AĞIRLAŞTIRILMIŞ ÖMÜRBOYU İSTEMİ
Ali Tosun hakkında, Salih Güler'i canavarca hisle öldürmekten ağırlaştırılmış ömür boyu hapis, kişiyi hürriyetinden yoksun bırakmaktan suçundan 7 yıla kadar hapis istendi. Tutuksuz yargılanan 26 yaşındaki oğlu Osman Tosun hakkında ise suç delillerini yok etme, gizleme veya değiştirme suçundan 5 yıla kadar hapis istendi.
'KAÇARKEN DÜŞTÜ' SAVUNMASI
Baba ile oğlunun yargılanmasına Antalya 5'inci Ağır Ceza Mahkemesi'nde başlandı. 4 yıl kadar önce eşinden boşandığını belirten Ali Tosun, şunları anlattı:
"Biri kız diğeri erkek iki çocuğum anneleriyle kalıyordu. Boşandıktan sonra Karşıyaka Mahallesi'ndeki anneme ait eve taşındım. Evin elektrik aboneliği iptal edilmişti. 3 yıldır elektriksiz yaşıyordum. Kızım evlenmeye karar verince düğünde gelen giden olur düşüncesiyle eve elektrik aboneliği almak için iş takipçiliği yapan Salih Güler'e 200 lira verdim. Parayı vermeme rağmen elektrik aboneliğimi yapmadı. Olay günü kendisini Varsak köprüsü yanında görünce 2 yumruk, kafa ve tekme attım. Araya pazarcılar girdi. Akşam üzeri de Salih Güler'in evinin önüne gidip evraklarımı almak için bekledim.
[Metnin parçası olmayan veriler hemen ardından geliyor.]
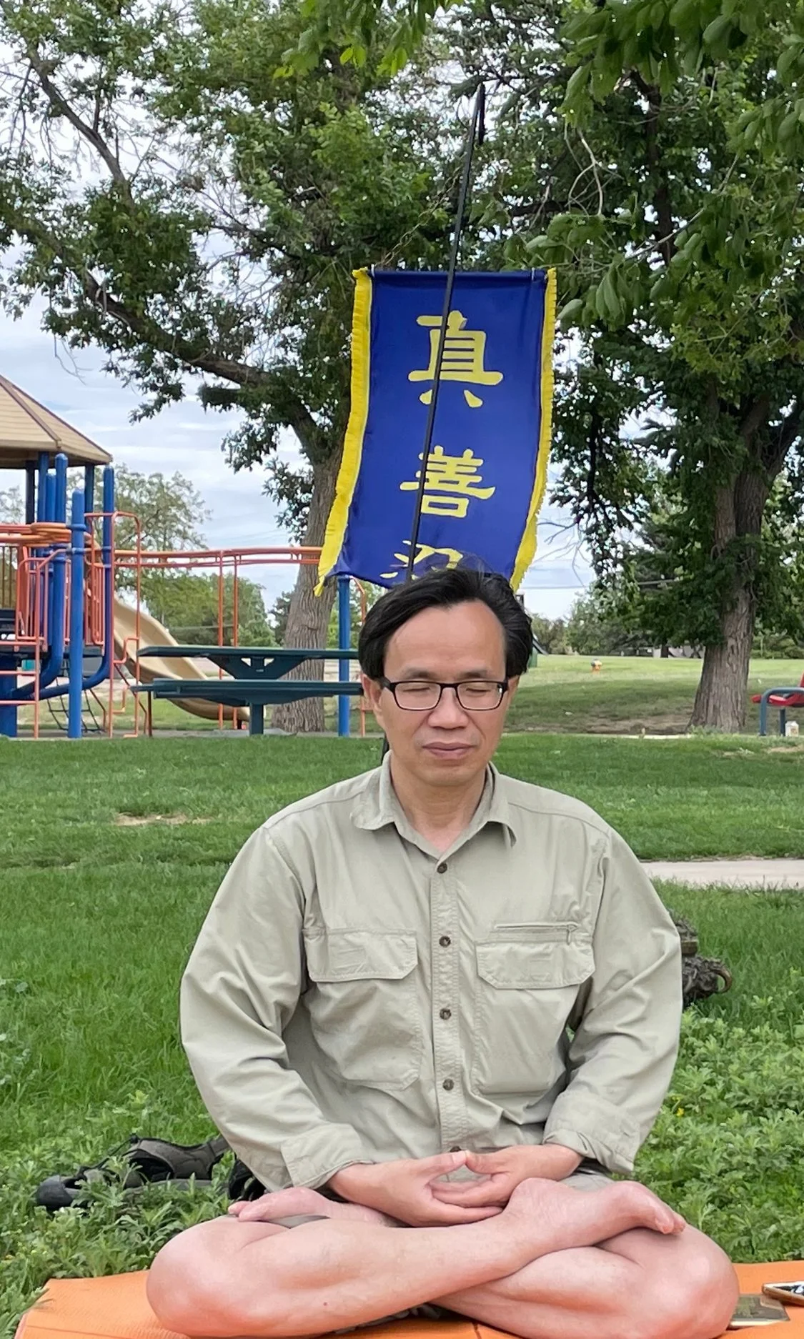 This beautiful location has gigantic shade trees frequently visited by bald eagles and hawks. We face out to Prospect Lake backdropped by a spectacular view of the Front Range mountains. We practice right next to a playground, so bring your kids, there is plenty to do. Everyone is friendly and happy to help others learn.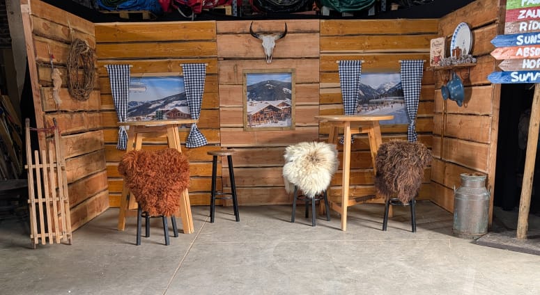Door de realistische uitstraling voelt het alsof je je in een echte Alpen skihut bevindt.

Eve gelince kolundan tutup konuşmak için ormana gittik. Paraya ihtiyacı olduğu için abonelik işimi yapmadığını öğrenince aramızda tartışma çıktı. Benden kaçarken düştü. Düştüğü yerden kaldırdım. Burnu kanıyordu. Aracımdaki bidonda 2 litre kadar su vardı. Onunla elini yüzünü yıkadım. Fakat kan durmuyordu. Bu süreçte birlikte sigara içtik. Daha sonra araçla kahvenin yanına götürüp kendisini bıraktım. Sonra da evine gönderdim. Aracımda Salih Güler'in kan izine rastlanması normaldir. Çünkü yüzünü yıkarken bidona kanı bulaşmıştı. İddianamede geçtiği şekilde taşla Salih'in boynuna koluna vurmadım."
'200 LİRA İÇİN 2 ÇOCUĞU YETİM BIRAKTI'
Osman Tosun ise duruşmada susma hakkını kullanıp cinayet büro amirliğinde verdiği ifadesinin doğru olduğunu belirtti. Salih Güler'in babası Hüseyin Güler ise cinayeti her iki sanığın birlikte işlediğini düşündüğünü söyledi. Hüseyin Güler, "Oğlumun 2 çocuğu vardı. 200 lira için çocuğumu öldürdü. 2 çocuğu yetim bıraktı. Benden isteseydi 200 lirayı verirdim" sözleriyle tepkisini dile getirdi.
Duruşma, eksik evrakların tamamlanması için ertelendi.